作者:立而山0605_408 | 来源:互联网 | 2023-05-17 15:21
Ihavefollowingquestion:Ineedtosaveimagetomongodbduringwebscraping.Ihaveanimagelink
I have following question: I need to save image to mongodb during web scraping. I have an image link. I tried this:
我有以下问题:我需要在网络抓取期间将图像保存到mongodb。我有一个图像链接。我试过这个:
images_binaries = [] # this will store all images data before saving it to mongodb
# save as file on hard disc
urllib.urlretrieve(url, self.album_path + '/' + photo_file_name)
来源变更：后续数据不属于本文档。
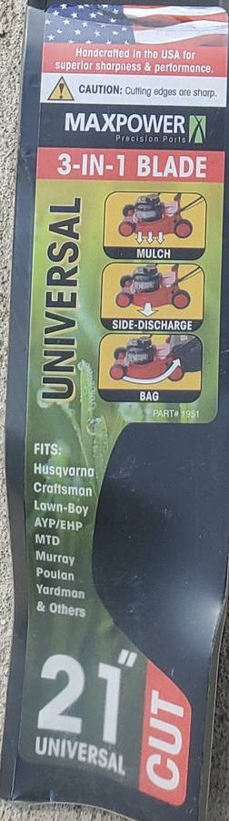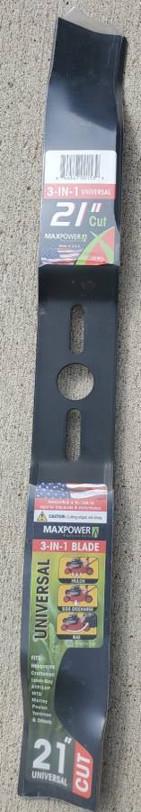 I’m offering a 21″ Cut – Universal 3 N 1 Lawn Mower Blade… Mulch / Side Discharge / Bag… Fits Craftsman, Poulan, Husqvarna, Lawn Boy, MTD, Murray, Yardman, and other brands… MAXPOWER Precision Components… Handcrafted in the United States for Maximum Sharpness and Performance… I’m selling for $15 firm… please call me if you’re interested.
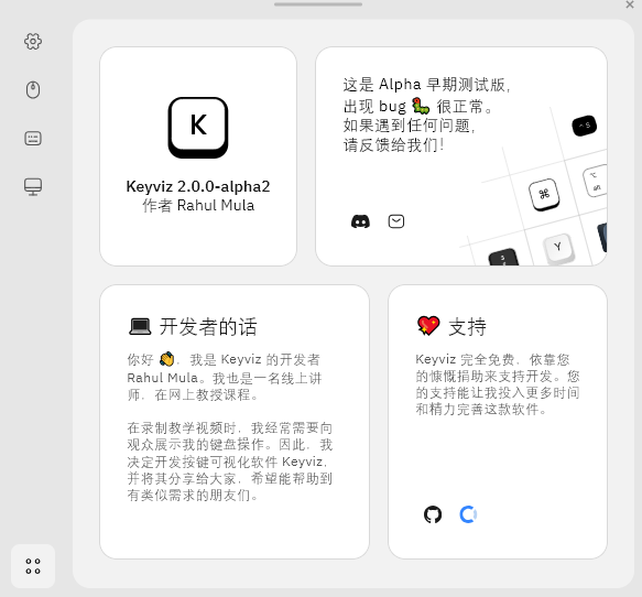 keyviz键盘按键可视化是一款简单的按键可视化工具,用户只要打开该工具就会在电脑上显示当前的键盘和鼠标操作了。如果觉得操作不明显的话还支持用户打开设置里的动画功能,为自己的操作添加上动画,吸引观众的注意力。
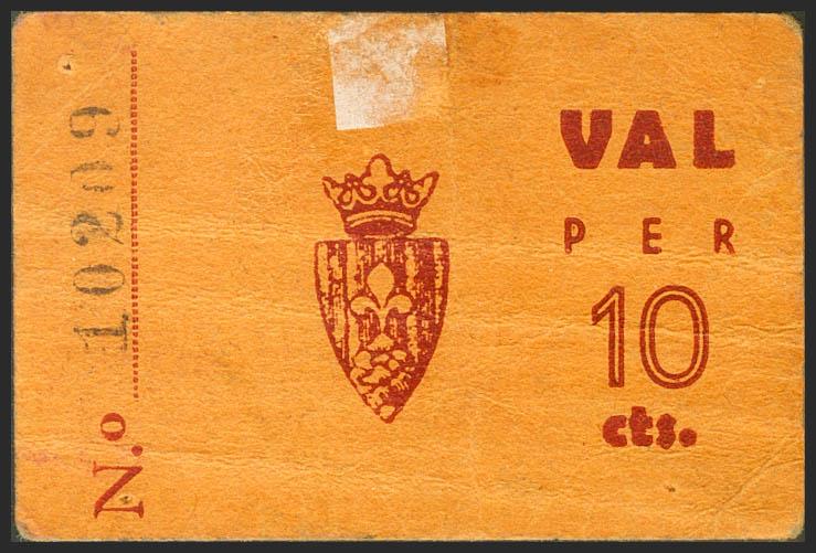 AGRAMUNT (LERIDA). 10 Céntimos. (1937ca). (González: 6017). Raro. MBC.
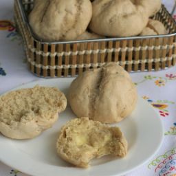 Deixe o pão arrefecer um pouco, corte-o ao meio, tendo cuidado para não soltar as orelhas.
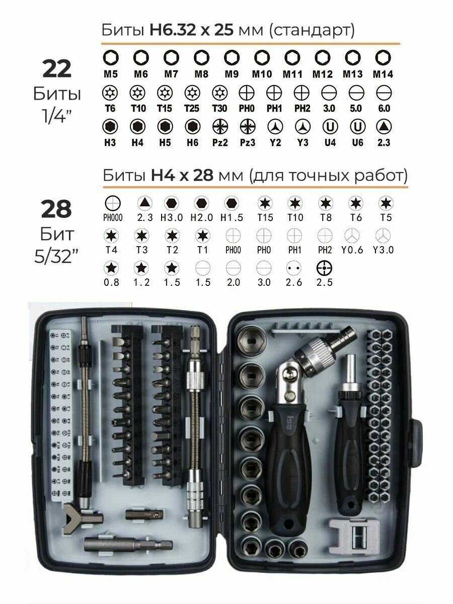 Биты подробно : | H1.5, H2, H3, H4, H5, H6, M5, M6, M10, M8, M12, M14, PH0, PH2, PZ2, PZ3, T10, T20, T25, T30, U2, Y1 |
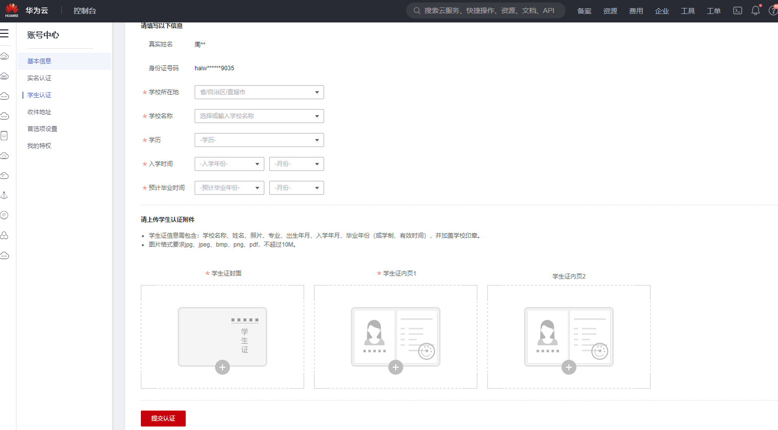 登录华为账号,进入账号中心,选择学生认证,填写相关信息,等待审核。(请先进行个人账号实名认证,再进行学生认证)实名认证信息预计1-3个工作日内审核完成。
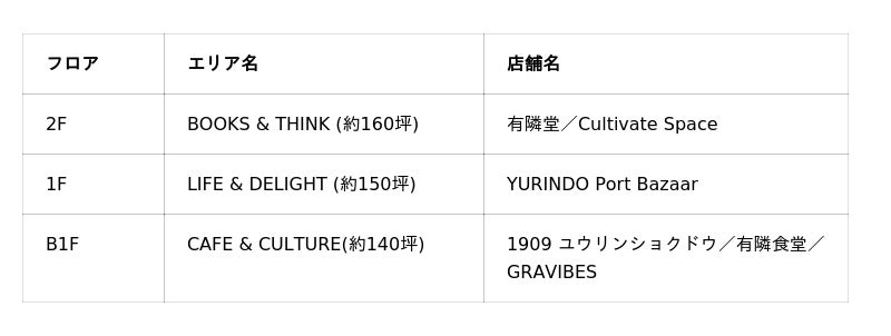 - 営業時間:10:00~21:00(1F・2F)、11:00~21:00(B1F「有隣食堂」「GRAVIBES」)、11:00~22:30(B1F「1909 ユウリンショクドウ」)※日曜日は11:00~21:00
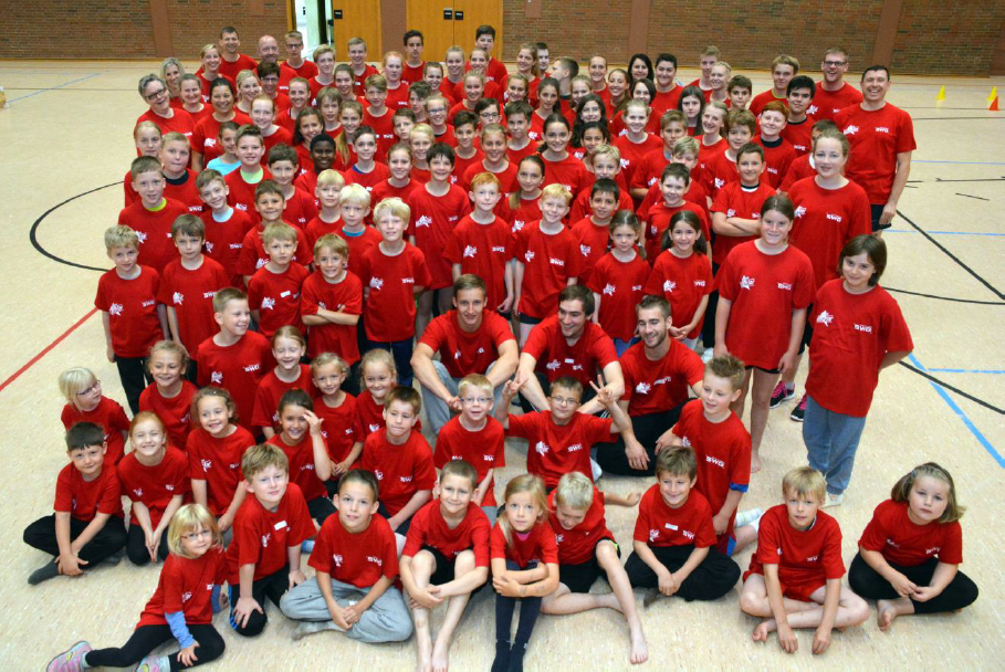 Leider startete der Samstag wieder einmal verregnet, so dass das Orga-Team sich entschied, den Vormittag in die Stadthalle zu verlegen. So zog die Karawane, die einen joggend, die anderen mit Autos, in Richtung Stadthalle. Um 10:00 Uhr starteten wir dort mit Morgengymnastik . Inzwischen hatten auch noch unsere jüngsten Sportler den Weg dorthin gefunden, so dass an diesem Tag 104 Kinder und Jugendliche am Camp teilnahmen. Anschließend gab es für alle das traditionelle rote Camp-T-Shirt. Danach teilten sich alle in altersgemischte Gruppen ein, um gemeinsam Workshops durchzuführen. Es musste z.B. eine Menschenpyramide gestellt werden, der Camptanz wurde geübt und Turnübungen für das Sportabzeichen konnten absolviert werden. Außerdem standen noch Tennisübungen, Hockey und ein Handball-Parcours auf dem Programm. Gegen 13:00 waren dann alle wieder auf dem Sportplatz, um sich mit Nudeln zu stärken. Ein großes DANKESCHÖN, geht an Antje Vogel vom Landgasthof Zum Schwanen, die das Mittagessen zubereitete und es spendete. Nach dem Mittagessen und einer kleinen Pause, ging es gegen 14:30 Uhr mit einem Kreativworkshop weiter. Bei diesem durften sich die Gruppen kreativ zum Thema Jubiläum 110 Jahre TV Mainzlar und 60 Jahre Burschenschaft Frohsinn austoben. Diese Plakate sollen am Jubiläumswochenende vom 10. -13 Juli 2015 im Festzelt präsentiert werden. Eine weitere Aktion war die Abnahme des Sportabzeichens (ein Dankeschön an Andreas und Markus). Am Volleyballnetz konnte jeder sein Können unter Beweis stellen. Aber auch Kopfsport stand auf dem Programm, hierfür musste ein Quiz mit rund 20 Fragen richtig beantwortet werden. Gegen 16:00 Uhr startetet dann unser sportlicher Eltern-Kind-Nachmittag mit Mama und/oder Papa, bei denen auch die Eltern bei Volleyball, Brennball und Fußball ihr sportliches Können unter Beweis stellen konnten. Nach soll viel Sport musste sich
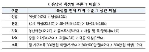 전체 대비 ‘수준 1’ 인구 비율은 남성보다는 여성에서, 연령이 높을수록, 도시보다는 농산어촌에서, 학력이나 소득이 낮을수록 상대적으로 높은 것으로 나타났다.
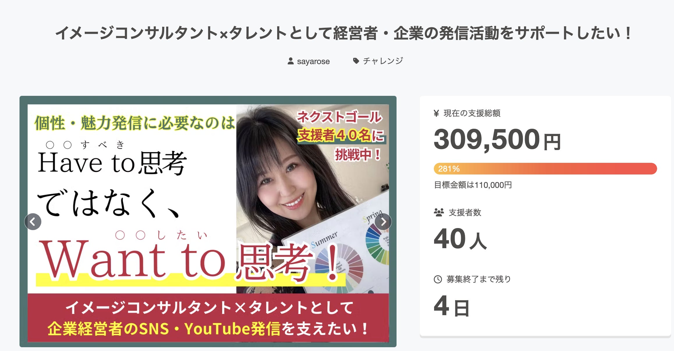 イメコン・タレントのサービスを届けたい想いがあるので、最終ネクストゴール【支援者50名様】に挑戦させていただきます!

images_binaries.append(open(self.album_path + '/' + photo_file, 'r').read())
....
# after that I append this array of images raw data to Item
post = WaralbumPost()
post['images_binary'] = images_binaries
....
The code of Waralbum item:
Waralbum项目的代码:
from scrapy.item import Item, Field
class WaralbumPost(Item):
images_binary = Field()
But this cause error when it saves to mongo: bson.errors.InvalidStringData: strings in documents must be valid UTF-8: '\xff\.....
但是当它保存到mongo时会导致错误:bson.errors.InvalidStringData:文档中的字符串必须是有效的UTF-8:'\ xff \ .....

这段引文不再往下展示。